A decisão teve ampla repercussão na imprensa e no meio cultural, sendo tratada, à época, como parte de um debate maior sobre pressões morais e censura envolvendo obras com temática LGBTQIA+. O episódio interrompeu um ciclo de crescimento profissional do artista, mas não o desmobilizou.
A exposição em São Paulo faz parte de sua circulação nacional com apoio do Programa Nacional Aldir Blanc (PNAB) e consolida uma trajetória que transita entre o Brasil, Portugal, Estados Unidos e Grécia, em torno de uma mesma pergunta: o que resiste quando tentam apagar?
“Depois de ser barrado, decidi seguir criando a partir da Amazônia, com independência.

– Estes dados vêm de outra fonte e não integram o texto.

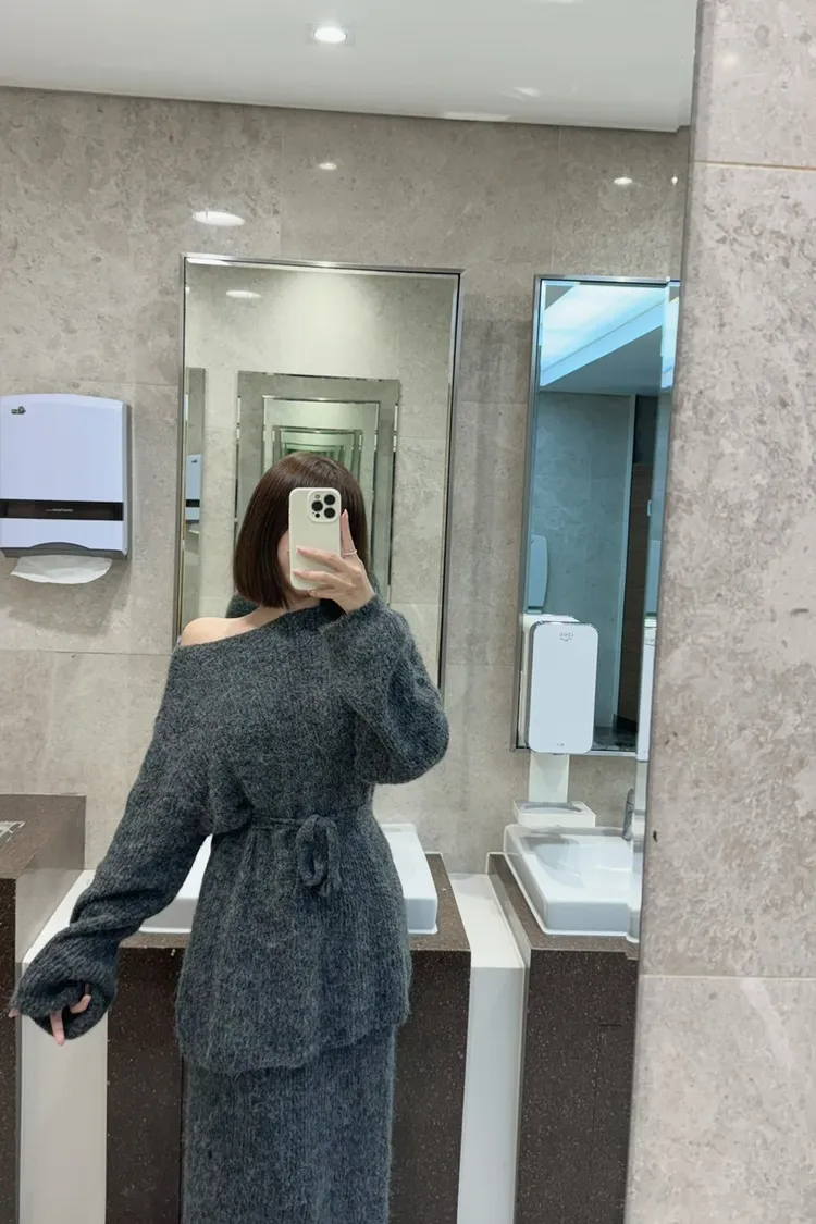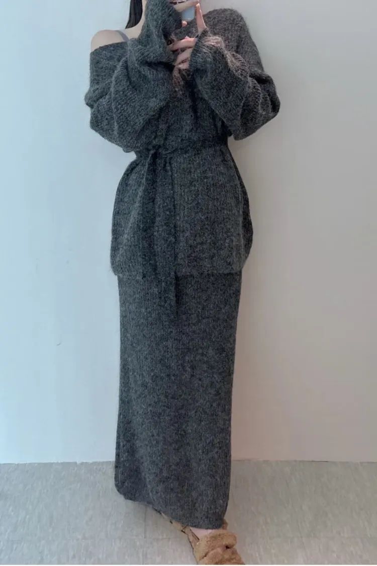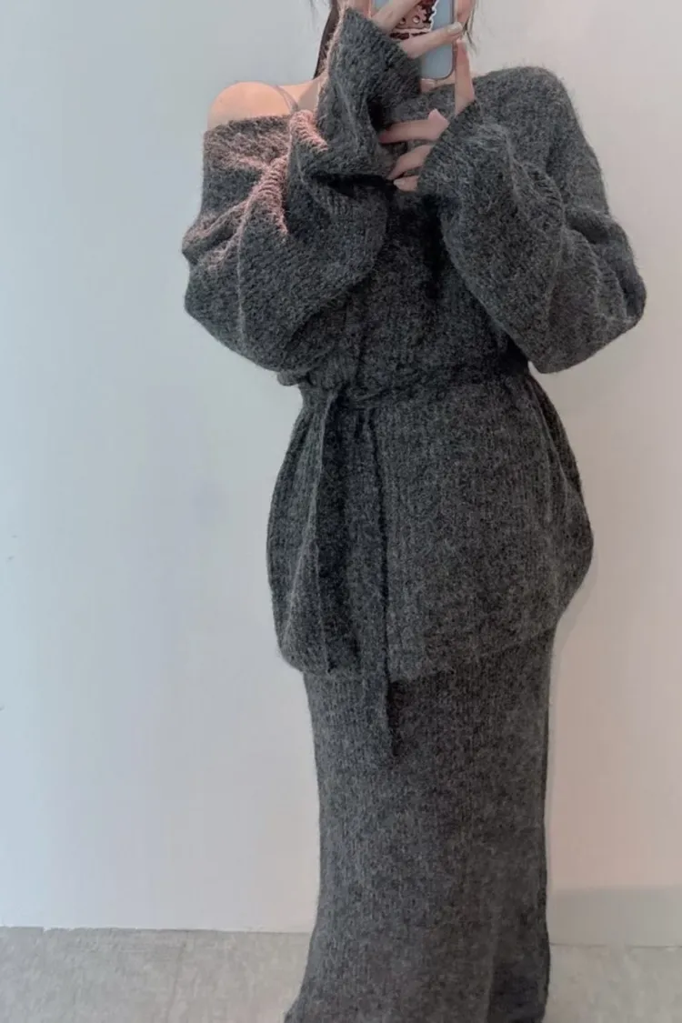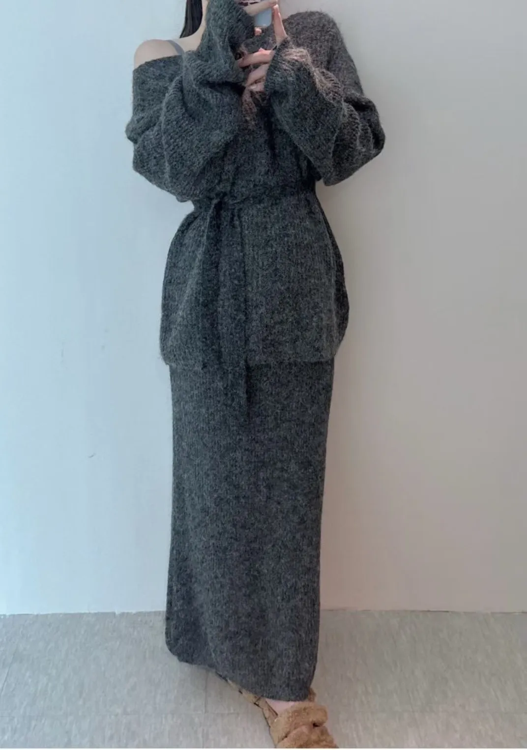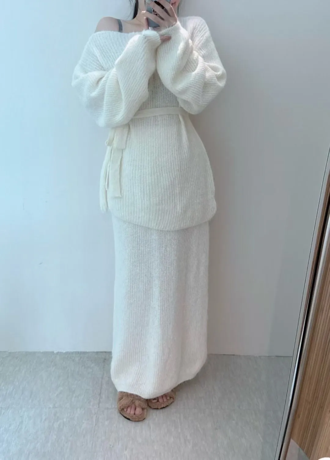 秋冬歐膩日常針織寬鬆兩件式set:寬鬆斜肩寬鬆上衣+高腰半身裙(附綁帶)

Levar ‘Tybyras’ a São Paulo é descentralizar o olhar sobre o que se faz no Norte e reafirmar que nossa produção também pensa o contemporâneo. Estar no Museu da Diversidade Sexual é um gesto político e afetivo: meu trabalho nasce da resistência, e o museu também”, diz Montagne.
A chegada da exposição ao MDS, centro de referência latino-americana na preservação de narrativas queer, reforça a presença da Amazônia no debate artístico internacional.
“Ao trazer o trabalho de um artista jovem da Amazônia, reafirmamos o museu como lugar de resistência e visibilidade. A obra de Henrique amplia o entendimento sobre diversidade e meio ambiente. Ela mostra que a Amazônia também é queer, viva e múltipla”, afirma Beatriz Oliveira, gerente do MDS.
Serviço
Exposição: “Tybyras: Caminhos de uma Amazônia Queer”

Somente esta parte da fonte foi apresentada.